Penerapan Metode Group Investigation Untuk Meningkatkan Standar Kompetensi Mahasiswa Dalam Mata Kuliah Metode Penelitian I, Disampaikan dalam Seminar Hibah Pengajaran Due Like Batch IV Jurusan Karawitan Desember 2007
Tulisan ini dibuat bersama Wardizal, SSn., MSi
Latar Belakang
Dalam dekade belakangan ini, kondisi pendidikan di Indonesia secara kuantitatif mengalami peningkatan yang cukup berarti, tetapi belum dibarangi dengan peningkatan secara kualitatif. Masih banyak para pakar pendidikan yang mempermasalahkan tentang rendahnya mutu pendidikan di Indonesia. Jika dirunut kebelakang, Keterpurukan kualitas pendidikan di Indonesia, tidak terlepas dari perjalanan panjang sejarah dunia pendidikan di Indonesia seperti jaman penjajahan Jepang, Belanda, dan zaman Orde Baru. Santiyasa dalam makalahnya yang berjudul, ”Menuju Pendidikan Indonesia Berparadigma Baru” mengatakan, paradigam lama proses/implementasi pendidikan yang berkembang dan dilaksanakan di Indonesia, dihadapkan kepada anomali-anomali dan penyebab potensial krisis yang dialami oleh dunia pendidikan di Indonesia saat ini. Salah satu indikator kearah itu dapat dilihat dari tingkat ketrampilan tenaga kerja Indonesia terendah di Asia. Oleh karena itu, diperlukan kesadaran dan keseriusan semua anak bangsa, termasuk pemerintah untuk melakukan perubahan, evolusi, bahkan bila perlu revolusi menuju suatu paradigma baru pendidikan Indonesia yang dapat dijadikan pijakan mengakhiri krisis, meningkatkan kualitas dan kualitas pendidikan, sekaligus meningkatkan harkat dan martabat serta peradaban manusia ke arah yang lebih baik, dan bisa berkecimpung dalam percaturan global. (Santiyasa, 2007 :8).
Perguruan tinggi sebagai lembaga formal mempunyai peran yang sangat strategis untuk melahirkan sumber daya manusia yang cerdas dan kompetitif. Untuk itu, pemerintah telah melakukan langkah-langkah pembaharuan untuk meningkatkan mutu pendidikan. Fokus pembaharuan pendidikan diletakan pada implementasi Kurikulum Berbasis Kompetensi (KBK) pada semua jenjang pendidikan. KBK merupakan bagian dari Pendidikan Berbasis Kompetensi (PBK), yaitu pendidikan yang mengacu pada stndar kompetensi yang ingin dicapai dan diperlukan oleh peserta didik (Koyan, 2007 :2).
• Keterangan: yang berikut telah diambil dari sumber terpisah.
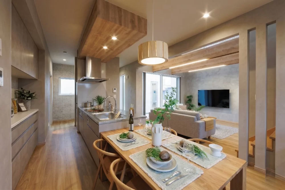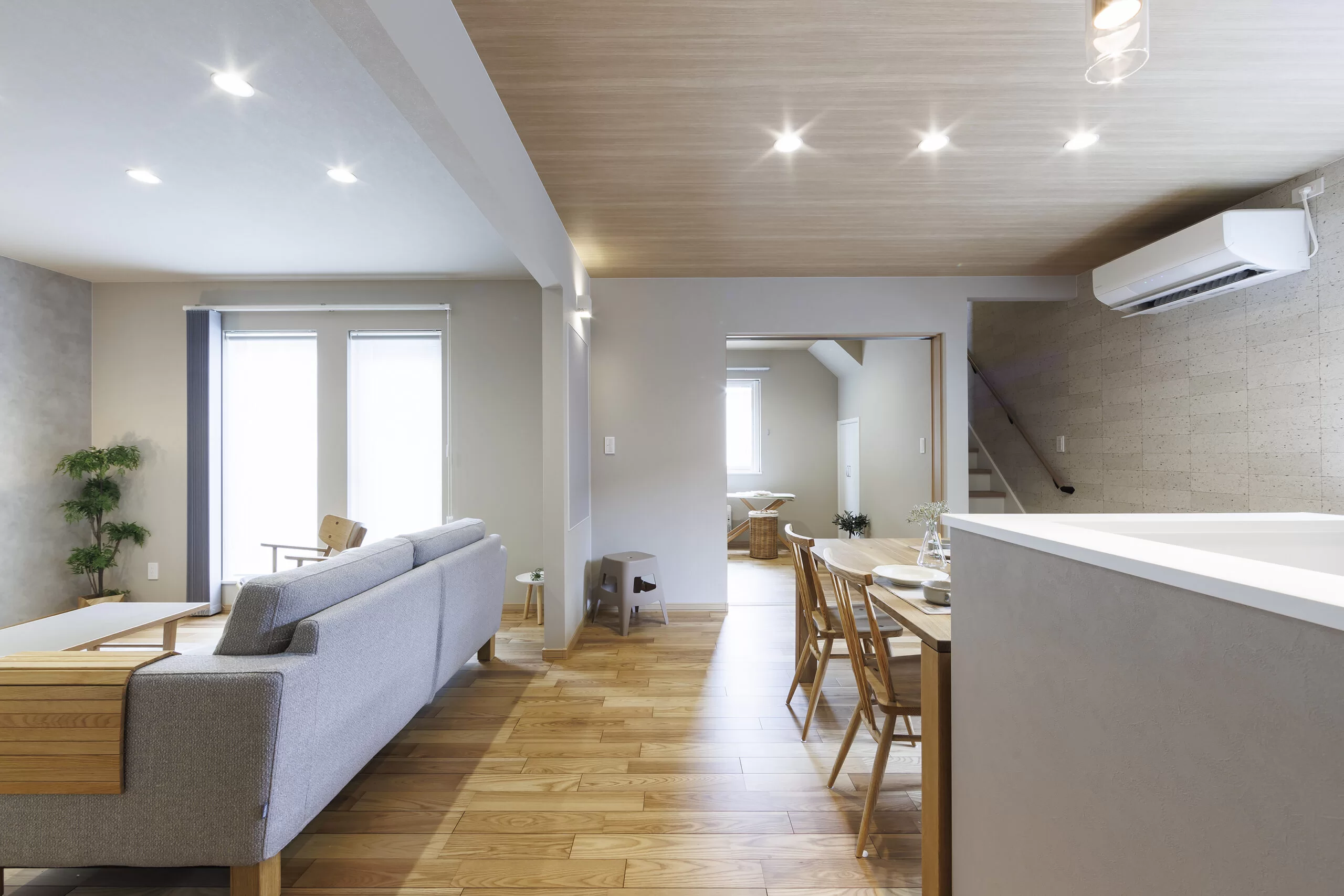 LDK全体で、家族が集まってもゆったり過ごせる広さが確保されています。リビングとホールをつなぐ扉にはハイドアを使用。開けた際の視界が広がり、実際の広さ以上の開放感を感じられます。

Dalam implementasinya, Kurikulum Berbasis Kompetensi (KBK), mengacu kepada pemberdayaan dan pengembangan kecakapan hidup peserta didik. Kecakapan hidup yang harus dikembangkan tersebut adalah yang lebih relevan dengan kebutuhan perkembangan masyarakat modern, yang mencakup domain-domain kecakapan personal, sosial, intelektual, akademis dan vaksional (Depdiknas dalam Sukadi, 2007 :1).
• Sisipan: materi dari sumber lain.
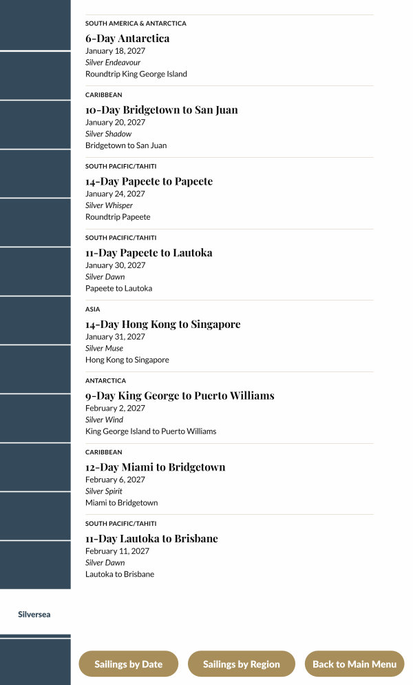January 20, 2027 Silver Shadow Bridgetown to San Juan

Berpijak pada paradigma baru pendidikan nasional dan strategi jangka panjang pendidikan tinggi sebagaimana tertuang dalam HELTS (higer education long term strategig) untuk melahirkan insan-insan cerdas dan kompetitif, maka pengembangan profesionalisme pendidik menjadi sangat penting. Dalam konteks pembaharuan pendidikan dan peningkatan kompetensi pedagodik pendidik, maka salah satu isu utama yang harus ditingkatkan adalah efektifitas metoda dan strategi pembelajaran dalam upaya meningkatkan kualitas pembelajaran, dan secara mikro harus ditemukan strategi pembelajaran yang efektif di kelas yang lebih memberdayakan potensi mahasiswa. Pada dasarnya ada dua pendekatan dasar dalam proses belajar mengajar yaitu pembelajaran yang berpusat pada guru/dosen (teacher-centered) dan pembelajaran yang berpusat pada mahasisw (student-centered). Pendekatan yang berpusat pada guru/dosen kadang-kadang diasosiasikan dengan ceramah dan pengajaran secara deduktif. Dengan sistem pengajaran seperti ini, guru/dosen mengontrol apa yang harus diajarkan dan bagaimana siswa harus mempelajari apa yang mereka pelajari. Sedangkan pengajaran yang berpusat pada siswa/mahasiswa sering diasosiasikan dengan discovery learning, inquiry learning atau pembelajaran secara induktif, memberikan penekanan yang lebih besar peranan siswa/mahasiswa dalam proses pembelajaran (Killen dalam Padwadewi, 2007 :4).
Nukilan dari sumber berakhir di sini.